Realização: Isaac King.

Prefere poupar tempo ou guardar coisas? O filme analisa a desigualdade e desperdício criados pelas obsessões dos tempos modernos.

Hoje, pelas 21h30, no Cine Solmar — Entrada livre.

domingo, janeiro 08, 2012

TCN Blog Awards 2011 — A Cerimónia

Antes de mais ei-lo:



Obrigado a todos os que deram a honra ao Keyzer Soze's Place, este blog de nome estranho, administrado a partir do meio do Atlântico e que, curiosamente, completou nove anos de existência no passado dia 6, de ser escolhido como Melhor Blog Individual de 2011.

Impera, agora, fazer justiça a esta inesperada e gratificante honra.

E parabéns aos merecidos vencedores:

Melhor Blogger: Pedro Andrade (TVDependente)
Melhor Blog Colectivo: TVDependente
Melhor Artigo: Mundo Mágico vs.
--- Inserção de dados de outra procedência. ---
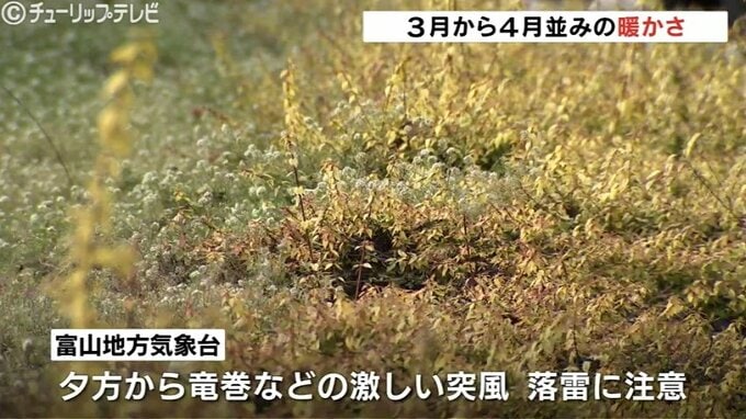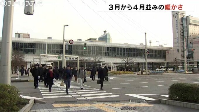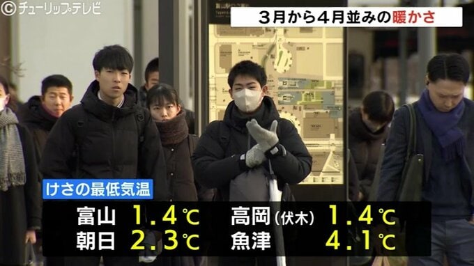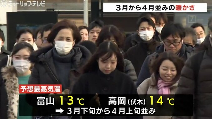 この後も気温は上がり最高気温は富山で13℃高岡市の伏木は14℃ときのう(14日)より8℃ほど上がり3月下旬から4月上旬並みになる予想です。
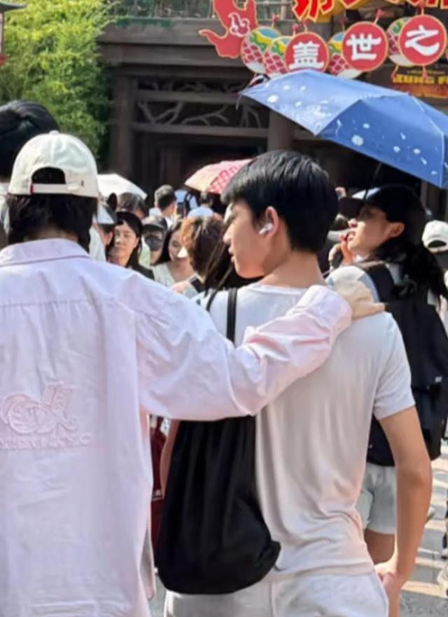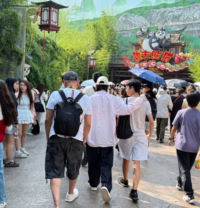 16岁的牛魔王相当乖巧,和爸妈去聚餐,也是乖乖提包在旁边等。现在和妈妈胡静去游乐园,也是乖乖站胡静旁边,让妈妈抱着,打扮和爸爸朱兆祥一样,很低调。
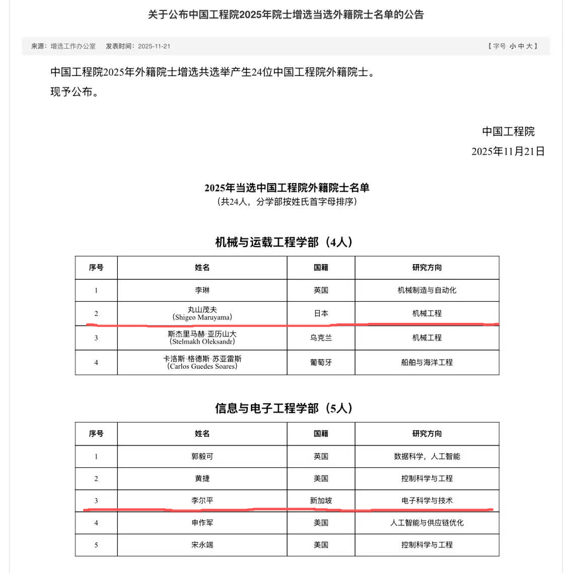 11月21日,2025年两院院士增选结果正式揭晓。中国科学院2025年共增选院士73名、外籍院士27名;中国工程院共增选院士71名、外籍院士24名。
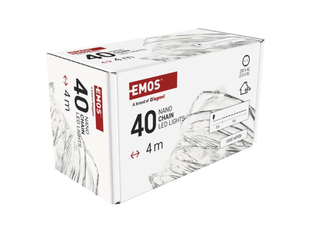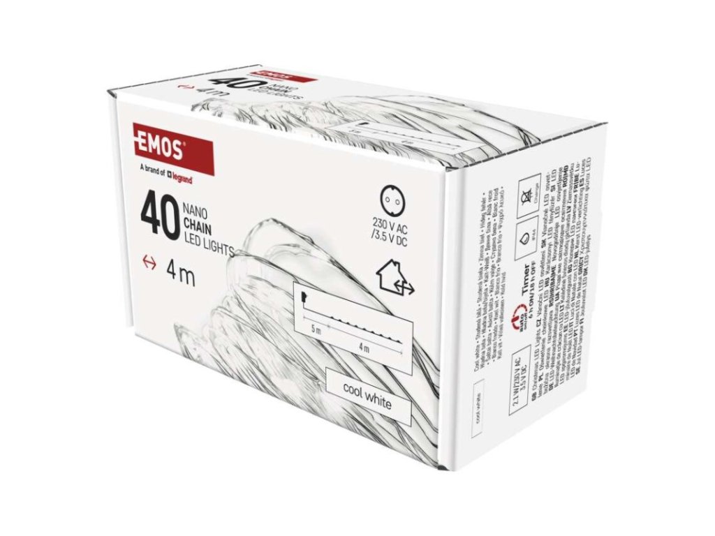 barva drátu: stříbrná|barva světla: studená bílá|časovač: ano|dálkový ovladač: ne|délka přívodu: 5 m|funkce: svítí|krytí: IP44|LED mezera: 10 cm|materiál: kov|možnost propojení: ne|počet LED: 40|použití: venkovní i vnitřní|příkon: 2,1 W|prodejní obal: 1 ks, krabice|produkt: nano řetěz|pro výšku stromu: 100 cm|rozměr: 4 m|tvar: nano|typ napájení: síťový adaptér|velikost LED: 3 mm (nano)|vstupní napětí: 230 V AC|výstupní napětí: 3,5 V DC|záruční doba: 2 roky|životnost: 10 000 hodin
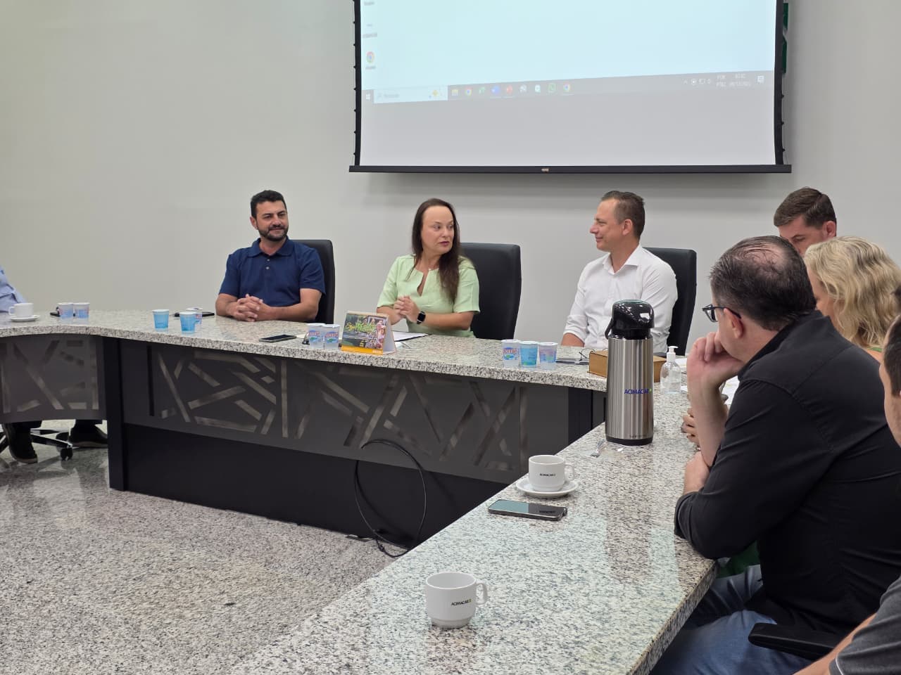 O prefeito Adriano Backes, acompanhado do vice-prefeito Vanderlei Sauer e do secretário de Planejamento, Anderson Bento Maria, participou na manhã desta terça-feira (09) da reunião de diretoria da Associação Comercial e Empresarial de Marechal Cândido Rondon (Acimacar). O encontro, realizado na sede da entidade, contou com a presença da presidente Geovana Aparecida da Silva Krause, além de demais diretores e empresários do município.
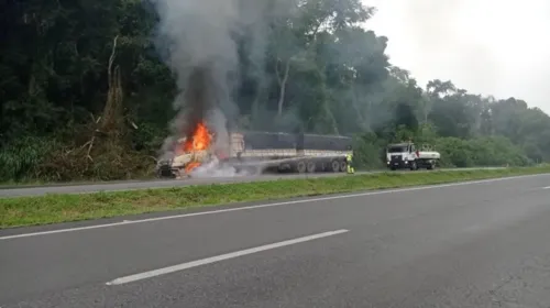 Neste domingo (12), um caminhão bitrem pegou fogo por volta das 16h e parou o trânsito na BR-277 em Morretes, no litoral do Paraná. De acordo com a Polícia Rodoviária Federal (PRF), o episódio foi o quilômetro 23, no sentido praias.
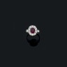 Bague en or gris 18 k (750°/oo) ornée au centre d'un rubis ovale dans un entourage de petits diamants ronds et d'un filet d'onyx. (Léger manque à l'onyx). Tour de doigt : 57 Poids brut : 9,3 g Poids estimé du rubis : 7.00 à 8.00 carats environ Vendu au profit de l'Ordre de Malte.
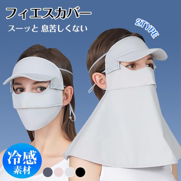 オシャレ つば付き 2TYPE 日焼け防止 UPF50+ 冷感マスク 首まで 紫外線対策グッズ 息苦しくない 小顔効果 呼吸穴 全面カバー シムレス
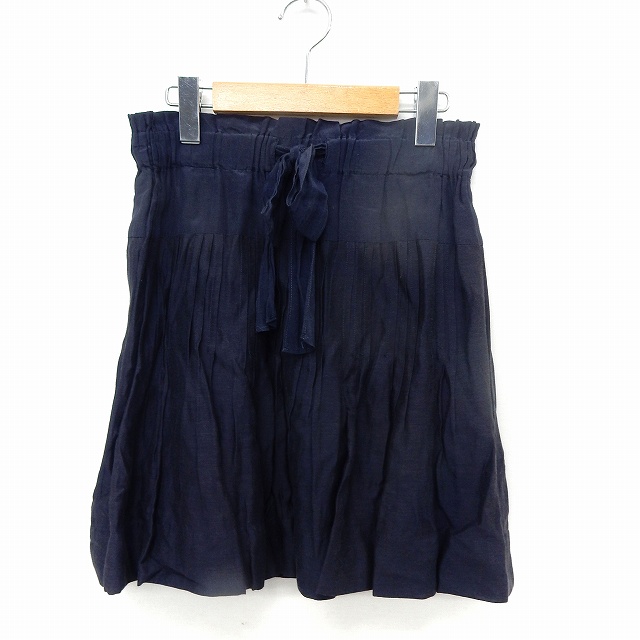 【中古】マカフィー MACPHEE トゥモローランド スカート フレア ミニ ギャザー ウエストリボン シンプル 34 ネイビー
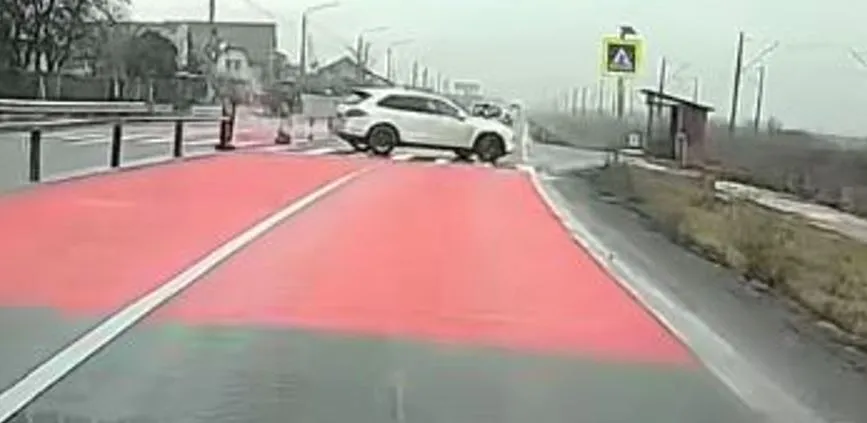 DIn fericire, acesta a fost pe fază și cumva a anticipat mișcarea șoferului imprudent.
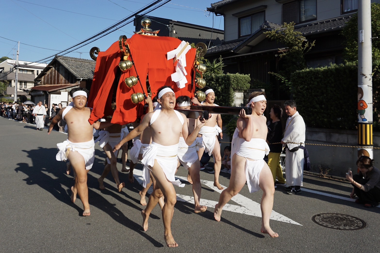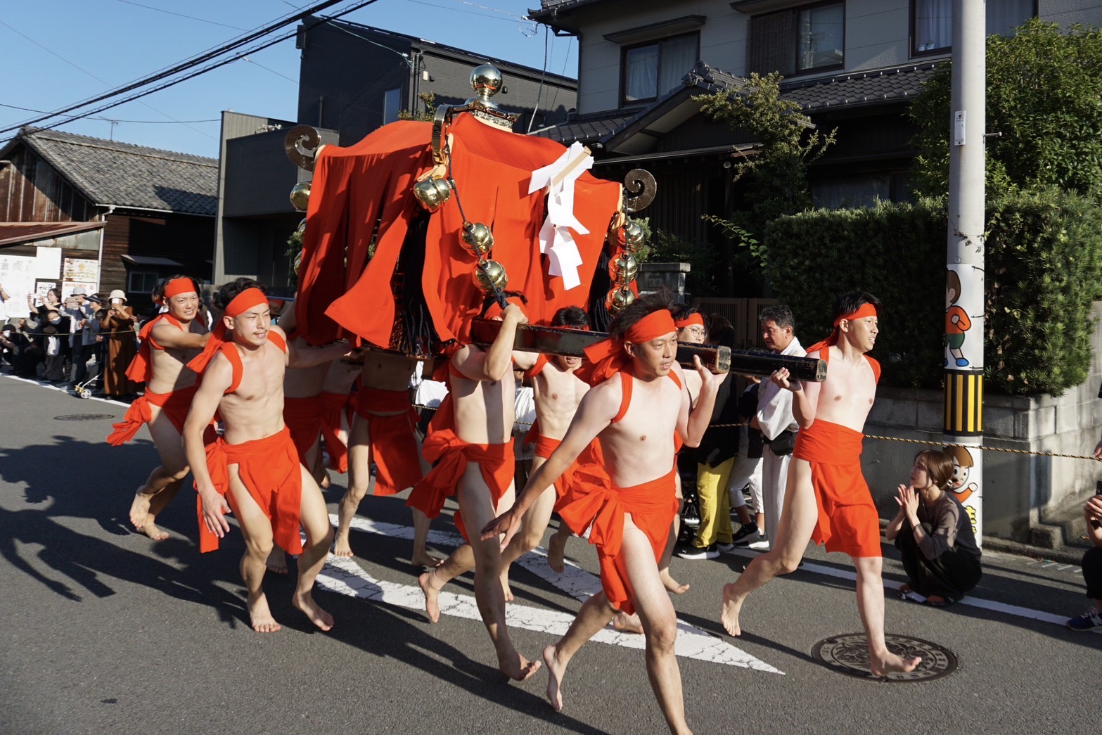 現在では、宮出し後、裸に鉢巻・襷・褌姿の神守(氏子各地区の青年約10人からなる担ぎ手)が、それぞれの神輿を担いで参道100m余りを疾走する神事として継承されています。このとき、神輿を上下左右に揺らさずに走ることが美しいとされており、7体の神輿はその美しさを競います。
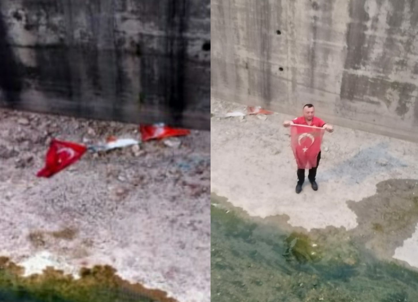 Tarhan’ın talimatıyla mahalleye giden itfaiye ekipleri, Türk bayrağını dere yatağından çıkardı

Caixinha Mágica (Vítor Rodrigues, TVDependente)
Melhor Crítica: Game of Thrones: 1×01 – Winter is Coming (HBO) (Syrin, TVDependente)
Melhor Iniciativa: José e Pilar aos Óscares (Tiago Ramos, Split Screen)
Melhor Novo Blog: Blockbusters
Melhor Revista: Empire

Parabéns, igualmente, a todos os nomeados e ao Miguel Reis do Cinema Notebook por esta iniciativa que possibilita o fantástico momento de reunir, presencialmente, uma significativa fatia da comunidade blogger de Cinema e TV nacional.

E ainda há um vídeo da cerimónia!



[Vídeo: Antestreia, o qual, a respeito da blogosfera de Cinema e TV portuguesa, afirma que "não há vencedores nem vencidos, apenas super bloggers". E eu concordo plenamente.]

quarta-feira, janeiro 04, 2012

"Óscares" de Marketing Cinematográfico [4ª Edição]

É com enorme prazer que o Keyzer Soze's Place volta a desafiar a comunidade blogger cinematográfica e generalista a votar no melhor que se concretizou, durante o ano de 2011, em termos de promoção cinematográfica.

Os últimos doze meses foram férteis em criatividade direccionada para a comercialização de um filme e, nas escolhas que constituem as nomeações, é interessante observar como o melhor não foi proporcionado pelos blockbusters (investidores agressivos de campanhas de marketing), mas sim por produções de ambições modestas.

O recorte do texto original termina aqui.